What did I know about love, anyway? Not much. Only that Dylan was the first person I thought about when I woke up in the morning, and he was the last one I thought of before going to sleep. I liked him even though he popped his gum when he chewed, and hogged the popcorn when we went to the movies. I didn’t care that he cracked his knuckles, or consistently scored higher than I did at Guitar Hero. I didn’t mind that he always drove, even though my mom had relented and put me on her insurance. I especially liked that he never failed to give me that warm oatmeal feeling every time he kissed me, and that he wasn’t afraid to hold my hand, even in p
ublic.
Was I falling in love with him?
Maybe I already had, and the thought scared me.
I didn’t have an especially stellar family history when it came to love. In our house, love died with a motorcycle skidding underneath a tractor trailer. It ended in a drunk and abusive second husband, and a mother who had refused to see reality until it had almost been too late. It ended in a best friend turning out to be a stranger.
Dylan pulled away from me and the grin on his face blew away my doubts. I didn’t know if I was in love with him, but I did know I’d do practically anything to make him happy. He was so excited it was impossible not to feel the same way. I sighed and returned his smile with one of my own. “Okay. We’d better get over to the Tux Hut in Chester, or we’ll end up wearing jeans and T-shirts to prom.”
I STRUGGLED out of Dylan’s car with my arms full. We’d picked up our gear for prom—tuxedos, shoes, cummerbunds, ties, and crisp, white, starched shirts—and I was anxious to get them into the house and hung up in my closet before they wrinkled.

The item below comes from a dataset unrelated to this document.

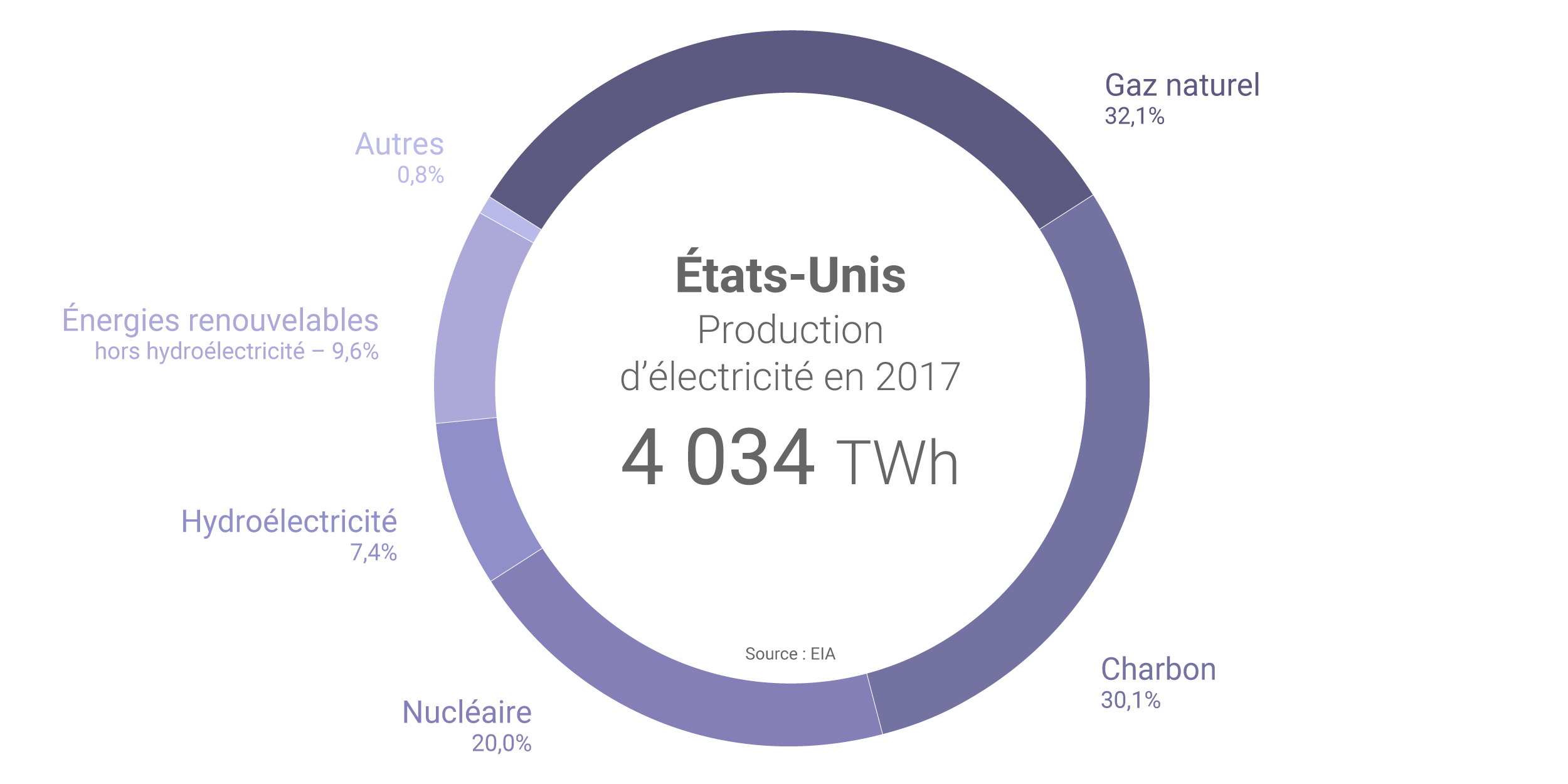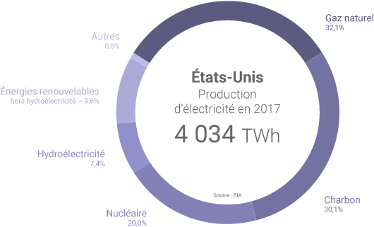 À eux seuls, le charbon et le gaz naturel ont compté pour plus de 62% de la production américaine d’électricité en 2017. Au cours de la dernière décennie, la production électrique à partir de charbon aux États-Unis a diminué de 40% mais la part de ce combustible dans le mix électrique américain dépassait encore 30% en 2017 (contre près de 49% en 2007). Durant cette période, le gaz naturel est devenu la première source d’électricité du pays (32,1% du mix électrique en 2017), grâce au développement de l’exploitation des hydrocarbures non conventionnels.

We’d tried the whole enchilada on before leaving the Tux Hut, and Dylan had nearly taken my breath away. He looked so good in his fitted, black tuxedo that I felt sort of short and dumpy standing next to him, although he’d told me I looked just as hot as he did.
I didn’t believe him, but it was really nice to hear anyway.

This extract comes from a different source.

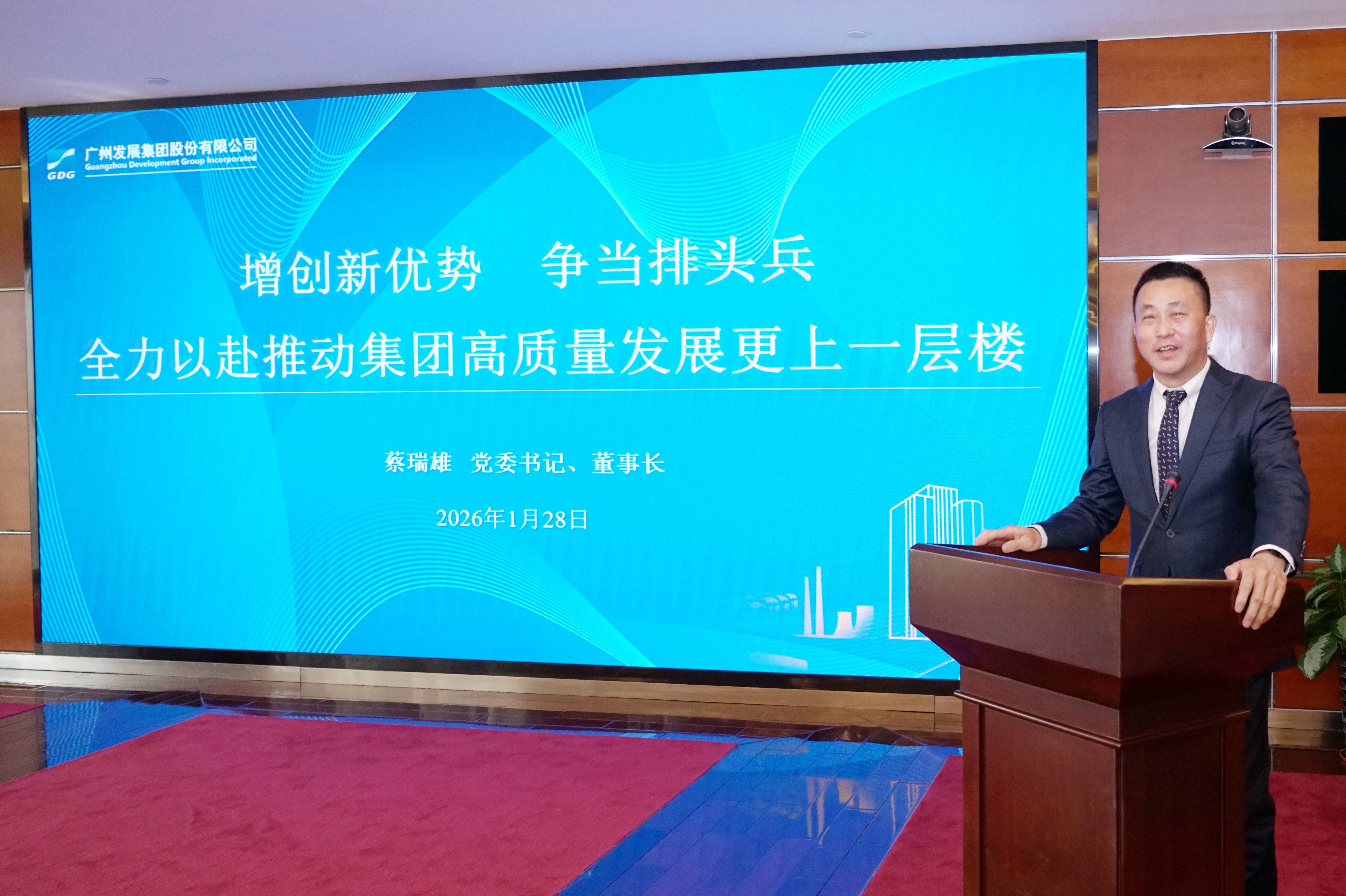 会上,蔡瑞雄党委书记、董事长作了题为《增创新优势争当排头兵全力以赴推动集团高质量发展更上一层楼》的讲话,吴宏总经理作了《广州发展2025年经营工作总结及2026年经营工作安排》的报告,李光党委副书记作了《广州发展2025年党建和思想政治工作总结及2026年工作安排》的报告。

His engine purred as he pulled away, and I struggled along the walkway leading to the kitchen. I was more than halfway there before I noticed someone sitting on the stairs.
“Hey, Jamie,” Billy said, looking up at me. “I was wondering when you’d get home. A tux, huh? You’re going to prom? With who?”

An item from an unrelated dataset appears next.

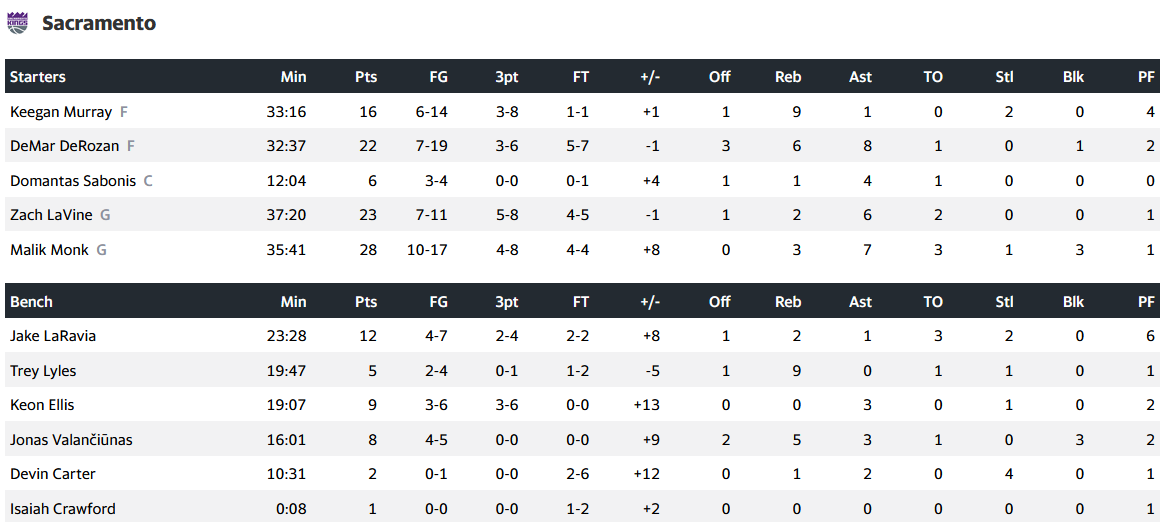 Από τους νικητ΄ες Βασιλιάδες πρωταγωνιστής ήταν ο Μάλικ Μονκ με 28 πόντους και 7 ασίστ, καθώς και ο ΝτιΜαρ ΝτιΡόζαν με 22 πόντους, 8 ασίστ και 6 ριμπάουντ.

“Dylan,” I answered, too shocked not to reply. Billy! After all these months, he’d shown up out of the blue, sitting on my side stoop as if he’d never left. At first glance, he looked the same as he always had, dressed in a tight red T-shirt and his ripped Abercrombie jeans. A closer look told a different story. He looked tired and worn out, and his eyes were red and puffy. There was dirt under his fingernails, and his T-shirt was stained. Not all of the rips in his jeans had been put there by the manufacturer, I noticed.